In male mammals, the major circulating androgen is testosterone, which is secreted by testicular Leydig cells. After testicular secretion, a small proportion of circulating testosterone (5~10%) is converted to the more potent androgen, dihydrotestosterone (DHT) by 5α-reductase enzymes [
7,
8]. In previous studies, castration of male mice to reduce circulating androgens, accelerates cutaneous wound healing through the attenuation of the local inflammatory response and increased extracellular matrix (ECM) deposition [
9,
10,
11]. The castration effect on wound healing was counteracted by the restoring androgens in orchiectomised mice [
9,
10,
11]. Delayed wound healing was also reported after chemical blockade of testosterone conversion to DHT or in genetic androgen receptor (AR) knockout mice [
9,
11,
12,
13]. In these studies, androgens play an inhibitory role in cutaneous wound healing through the increased production of IL-6 and TNF and reduced wound re-epithelialization and collagen deposition [
9,
11,
12,
13].
Systemic inflammation is crucial in wound healing by supplying the growth factors, cytokines and chemokines needed to recruit immune cells mainly neutrophil, monocytes and macrophages to the site of burn injury. In cutaneous wounds, the systemic and local inflammatory phase lasts for 5–7 days. However, a major burn may display chronic persistent inflammation with a marked release of abundant pro-inflammatory mediators that linked to inflammatory response syndrome, sepsis, and multi-organ failure in patients.
In contrast to the known inhibitory effects of androgens by prolonging inflammation in cutaneous wound healing, clinical studies have reported that testosterone and the synthetic androgen, oxandrolone can enhance recovery from a burn injury. Oxandrolone-treated burn patients maintain body mass better and have improved body composition and hepatic protein synthesis during the acute post-burn phase [
14,
15,
16,
17,
18]. Although there are reports of improved patient outcomes mainly in treated children (with low circulating androgens) after major burns, the role of androgens in major burn wound healing processes is still unknown.
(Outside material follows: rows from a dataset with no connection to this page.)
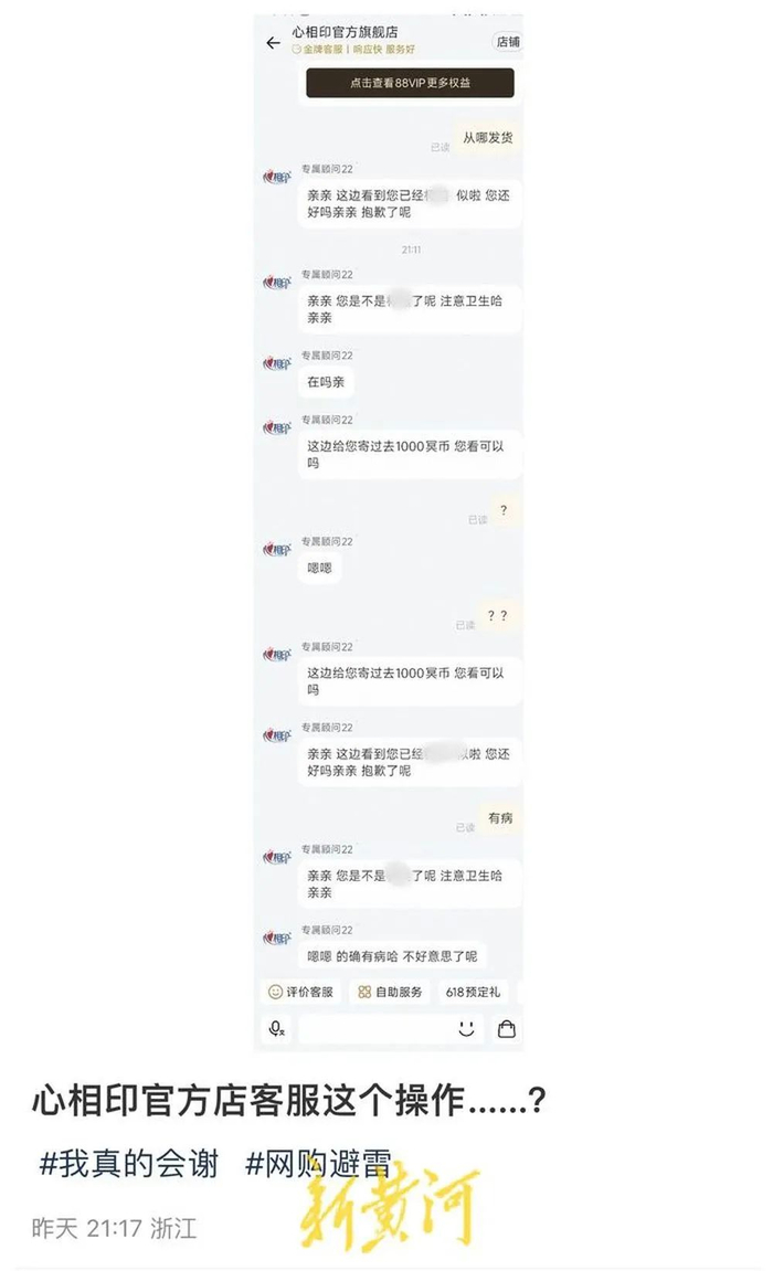 5月8日晚,有河南网友发文称,“去年在心相印买了厨房纸,一直延续到今天才跟客服说话。昨天买的杀菌湿巾,今天点开看主页写着2件均价44.9元,我看到了就去问客服,还没打出来下面的话,专属顾问22号就发来一排信息。我还以为我看错了,就在那里一个字一个字地看,就很疑惑,不理解。”根据该网友截图信息显示,客服向其发送大量侮辱性话语,还表示,“有本事您就去投诉,我们的客服经常这样回复,您要是投诉成功了,我们的店铺是怎么开到现在的,我们的客服就是这么嚣张。”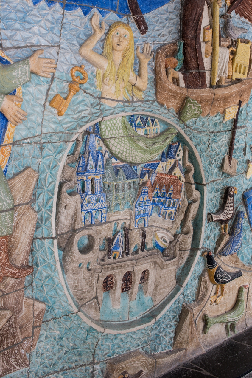 Pierre Toulhoat, "Armor", bas relief en céramique de Quimper (1962). Œuvre du 1% artistique. Détail : la ville d'Ys.Immatriculation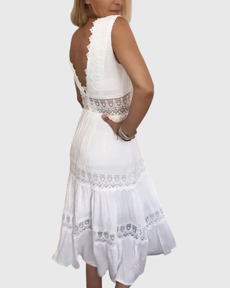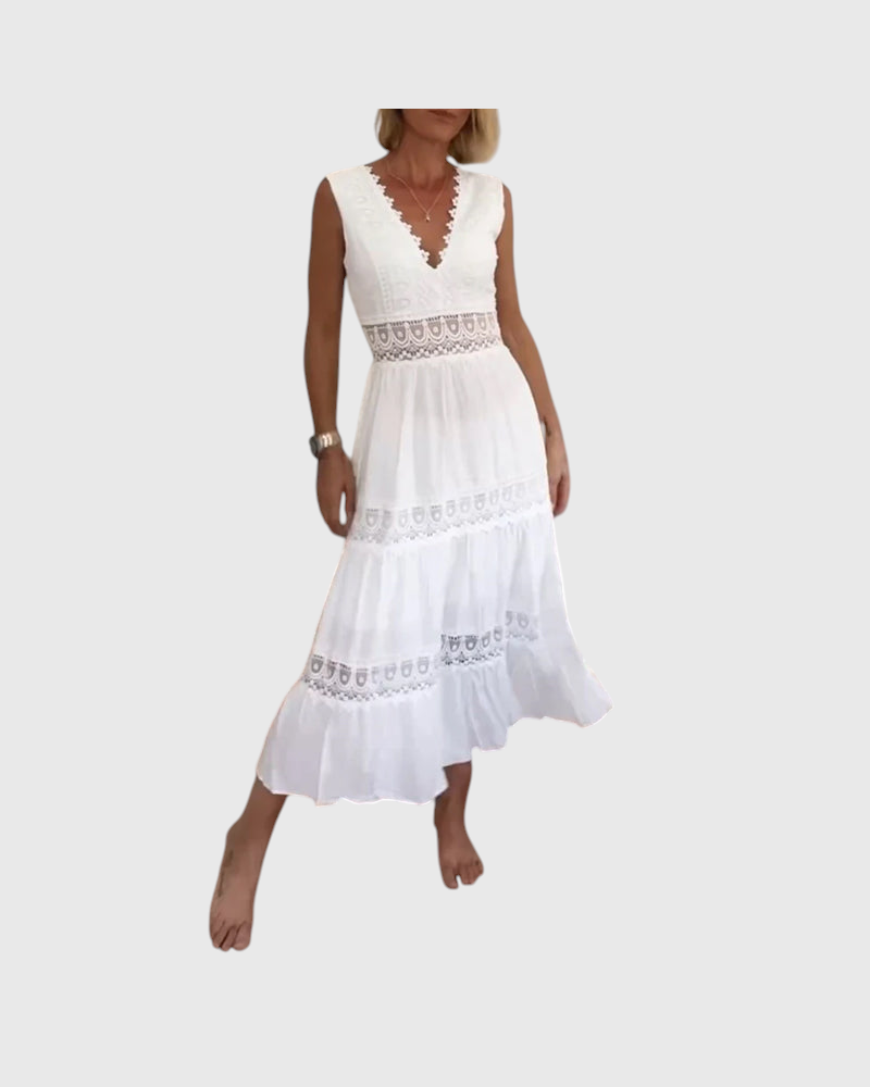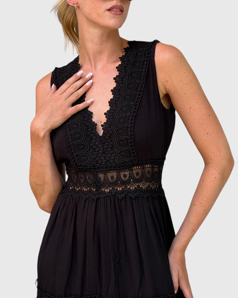 שמלה רומנטית ונשית עם עיטורי תחרה עדינים ואורך מידי מחמיא. הזרימה הרכה והפרטים האלגנטיים הופכים אותה למתאימה לימים קיציים, חופשות או מפגשים מיוחדים.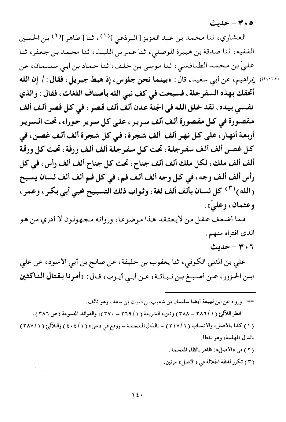 305 - حَدِيث العشاري، ثَنَا مُحَمَّد بن عبد الْعَزِيز [البرذعي] ، ثَنَا [طَاهِر] بن الْحُسَيْن الْفَقِيه، ثَنَا صَدَقَة بن هُبَيْرَة الْموصِلِي، ثَنَا عمر بن اللَّيْث، ثَنَا مُحَمَّد بن جَعْفَر، ثَنَا عَليّ بن مُحَمَّد الطنافسي، ثَنَا مُوسَى بن خلف، ثَنَا حَمَّاد بن أبي سُلَيْمَان، عَن إِبْرَاهِيم، عَن أبي سعيد، قَالَ: " بَيْنَمَا نَحن جُلُوس، إِذا هَبَط جِبْرِيل، فَقَالَ: / إِن الله أتحفك بِهَذِهِ السفرجلة، فسبحت فِي كف نَبِي الله بأصناف اللُّغَات، فَقَالَ: وَالَّذِي نفي بِيَدِهِ، لقد خلق الله فِي الْجنَّة عدن ألف ألف قصر، فِي كل قصر ألف ألف مَقْصُورَة فِي كل مَقْصُور ألف ألف سَرِير، على كل سَرِير حوراء، تَحت السرير أَرْبَعَة أَنهَار، على كل نهر ألف ألف شَجَرَة؛ فِي كل شَجَرَة ألف ألف غُصْن، فِي كل غُصْن ألف ألف سفرجلة، تَحت كل سفرجلة ألف ألف ورقة، تَحت كل ورقة ألف ألف ملك، لكل ملك ألف ألف جنَاح، تَحت كل جنَاح ألف ألف رَأس، فِي كل رَأس ألف ألف وَجه، فِي كل وَجه ألف ألف فَم، فِي كل فَم ألف ألف لِسَان يسبح (الله) كل لِسَان بِأَلف ألف لُغَة، وثواب ذَلِك التَّسْبِيح لمحبي أبي بكر، وَعمر، وَعُثْمَان، وَعلي ". فَمَا أَضْعَف عقل من لَا يعْتَقد هَذَا مَوْضُوعا، وَرُوَاته مَجْهُولُونَ لَا أَدْرِي من هُوَ الَّذِي افتراه مِنْهُم.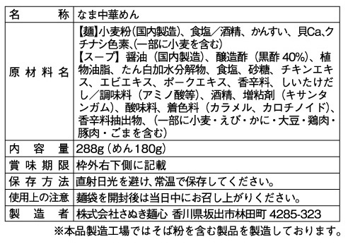 | 備考 | <セット内容> 麺90g×2 酸辣湯スープ54g×2 |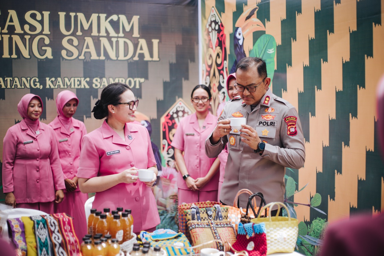 Kegiatan dilanjutkan dengan peninjauan Gerakan Pasar Murah (GPM) yang diselenggarakan oleh Polsek Sandai, serta kunjungan ke stand kreasi UMKM Ranting Bhayangkari Sandai, sebagai bentuk dukungan terhadap ketahanan ekonomi masyarakat lokal.
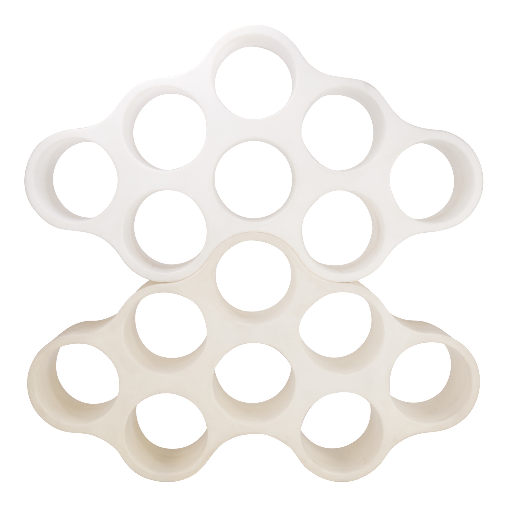 Honeycomb like structure in white polyethylene. Dual sided allowing function as room divider.
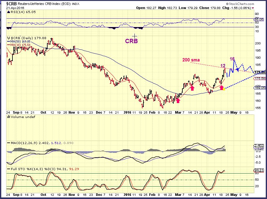 CRB – This was my Tuesday chart of the CRB. Notice the area where it was expected to run to , and then it might hit resistance.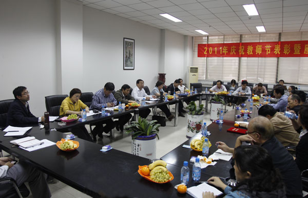 与会教师代表围绕今年“忠诚于党的教育事业、落实教育规划纲要”教师节主题先后发言。代表们结合个人人生经历及从教体会,畅谈身为教师的辛苦、幸福和责任;表达了为国家教育教学改革取得的喜人成果以及学校校园面貌、工作环境、教学、科研、人才队伍建设和学科建设等方面取得的喜人成绩感到无比自豪。与会代表交流了师德师风建设、提高业务能力、增强爱校爱岗意识等方面的经验和体会,决心继续发扬教师为人师表、爱岗敬业精神,立足岗位,争先创优,为我校的建设与发展做出自己的贡献。座谈会会场始终充满和谐、热烈与喜悦的氛围。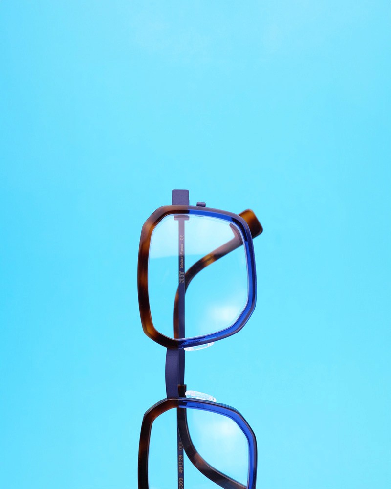 Coloris : Métal bleu, écaille et bleu translucide — Blue metal, tortoiseshell and translucent blue

DHT is the most potent natural androgen, with higher affinity and slower dissociation from AR binding leading to greater molar potency in the transactivation of the AR [
8]. Most importantly, DHT lacks the hepatotoxicity of 17α–alkylated synthetic androgens like oxandrolone, highlighting its overlooked potential as an important therapeutic option for male burn patients. Therefore, we hypothesise that pure androgen, DHT, can promote major burn wound healing via altering post-burn inflammation response. This study aims to investigate DHT treatment as a new therapeutic approach in treating major burn injury.
3. Discussion
In this study, we examined the role of a pure (non-aromatisable) androgen, DHT, in the local wound healing process and the systemic hypermetabolic response following major burn injury in mice. Our results showed that DHT has a positive impact on both local wound healing and metabolic catabolic responses, which differ from those reported after cutaneous injury.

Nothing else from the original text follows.